La barre horizontale mesure 5 centimètres.
Classification
Règne Animalia
Embranchement Chordata
Sous-embr. Vertebrata
Classe Sauropsida
Sous-classe Diapsida
Infra-classe Archosauromorpha
Super-ordre Crocodylomorpha
Clade Crocodyliformes
Clade Mesoeucrocodylia
Clade  Thalattosuchia
Super-famille  Metriorhynchoidea
Famille  Metriorhynchidae
Sous-famille  Metriorhynchinae
Tribu  Rhacheosaurini

Genre

 Cricosaurus
Wagner[1], 1858

Espèces de rang inférieur

  • C. elegans (Wagner[2], 1852) (Espèce type)
  • C. gracilis (Philips, 1871)
  • C. macrospondylus (Koken, 1883)
  • C. suevicus (Fraas, 1901)
  • C. schroederi (Kuhn, 1936)
  • C. araucanensis (Gasparini & Dellapé, 1976)
  • C. vignaudi (Frey et al., 2002)
  • C. saltillense (Buchy et al., 2006)
  •  ? C. lithographicus Herrera et al., 2013[3]

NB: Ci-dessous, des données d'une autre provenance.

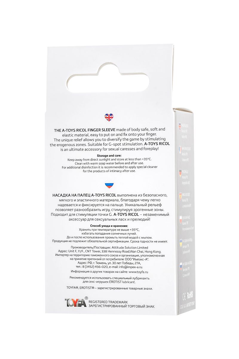 Насадка на палец A-Toys Ricol выполнена из безопасного, мягкого и эластичного материала, благодаря чему легко надевается и фиксируется на пальце. Уникальный рельеф позволяет разнообразить игру, стимулируя эрогенные зоны. Подходит для стимуляции точки G. A-Toys Ricol – незаменимый аксессуар для сексуальных ласк и прелюдий!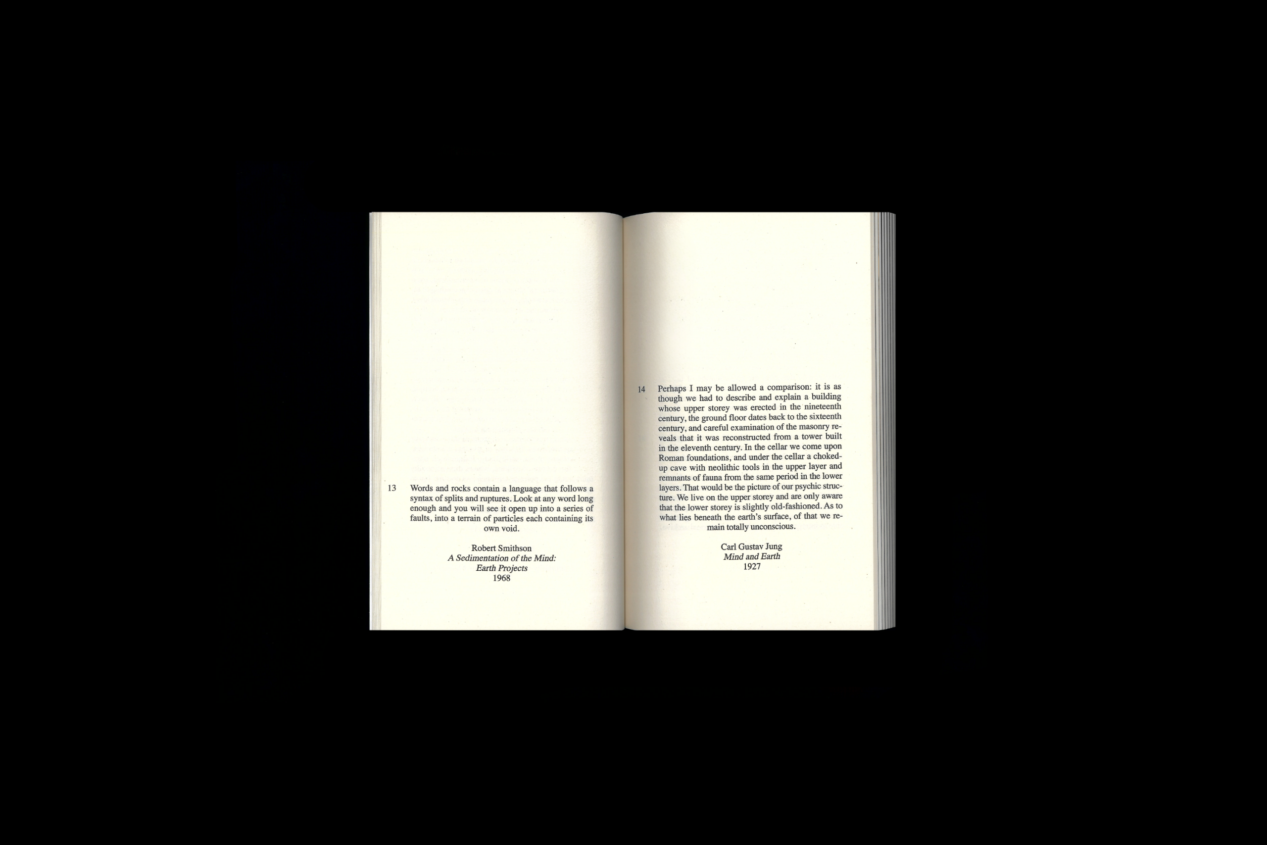 Un livre d'artiste composé de fragments de textes issus de différentes époques et contextes – littéraires, science-fiction, philosophiques, scientifiques – tous centrés sur le thème du monde souterrain.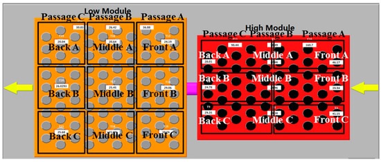 To simplify the evaluation of the storage status of the modules, referring to Figure 5, the HTM and LTM were divided into six and nine parts, respectively. The overall condition of the modules was described using the energy and exergy stored in the measured tubes, which were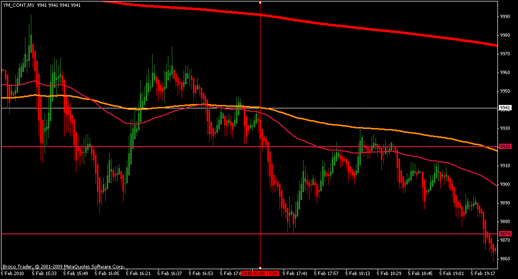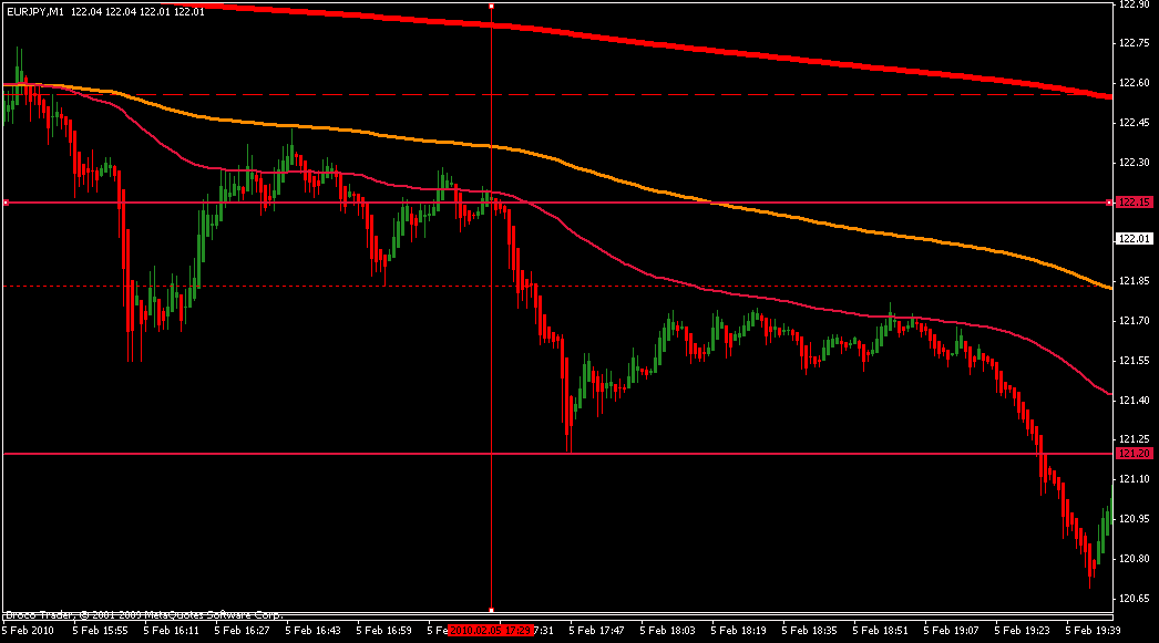 ok, hier mal mein Trade Beispiel von Freitag im EJ mit Hilfe des Dow Futures. Im Moment ist der Yen der Save Haven und der Euro sicherlich das größte Risiko mit der Situation in Griechenland,Spanien und Portugal. Das heißt im Moment, wenn die Equity Märkte fallen wird der Yen gekauft. Kurz vor 17.30 Uhr gab es eine kleine Seitwärtsphase im Dow Future. Ich hatte auf ein Break der 9920 gewartet, was auch um 17.30 Uhr geschah. Der EJ hingegen hat ein kleines Retracement gemacht und notierte um 17.30 Uhr immer noch in der Nähe der 5min 20 EMA. Die Priceaction des EJ hat also ein wenig hinter der des Dow Futures "gelagt". Bin dann short zu 122.15 in der Hoffnung die 9920 im Dow Future würde nachhaltig fallen, was dann auch geschah. Der EJ hat das Break seines 1min Swing lows nachgeholt und in etwa doppelt so viele Punkte verloren wie der Dow Future in der gleichen Zeit. Ich habe das Break leider allerdings nicht mitgenommen und am Swing low bei 121.85 die Position geschlossen.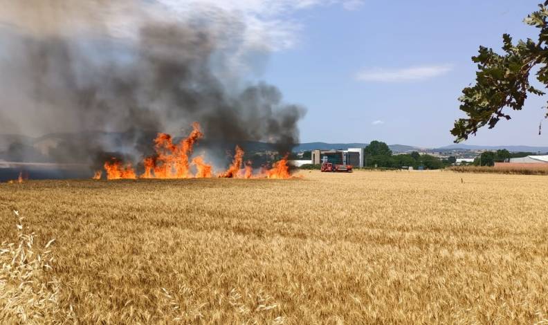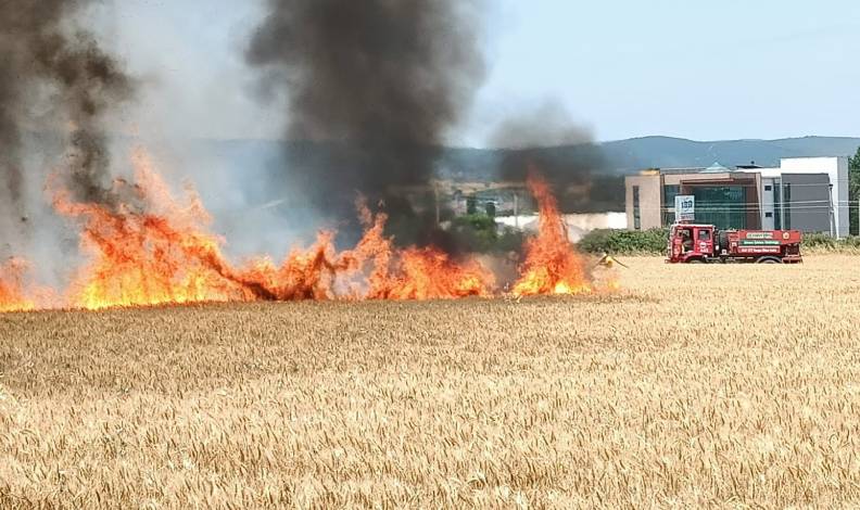 40 dönüm buğday tarlası kül oldu

Cricosaurus est un genre éteint de crocodyliformes métriorhynchidés carnivores, à long rostre, presque exclusivement marins[4].

Il a vécu du Jurassique supérieur (Kimméridgien supérieur), au Crétacé inférieur (Valanginien inférieur), soit il y a environ entre 155 et 135 Ma (millions d'années), dans ce qui est aujourd'hui l'Europe de l'ouest, en Allemagne, en France, en Suisse et en Angleterre[5], et l'Amérique latine (Mexique, Argentine et Cuba[6]).

Étymologie[modifier | modifier le code]

Le nom de genre Cricosaurus est composé de deux mots du grec ancien cricos, « anneau » et σαῦρος -sauros, « anneau » pour donner « lézard aux anneaux » en référence à ses grandes ouvertures (fenestrae) supra-temporales circulaires.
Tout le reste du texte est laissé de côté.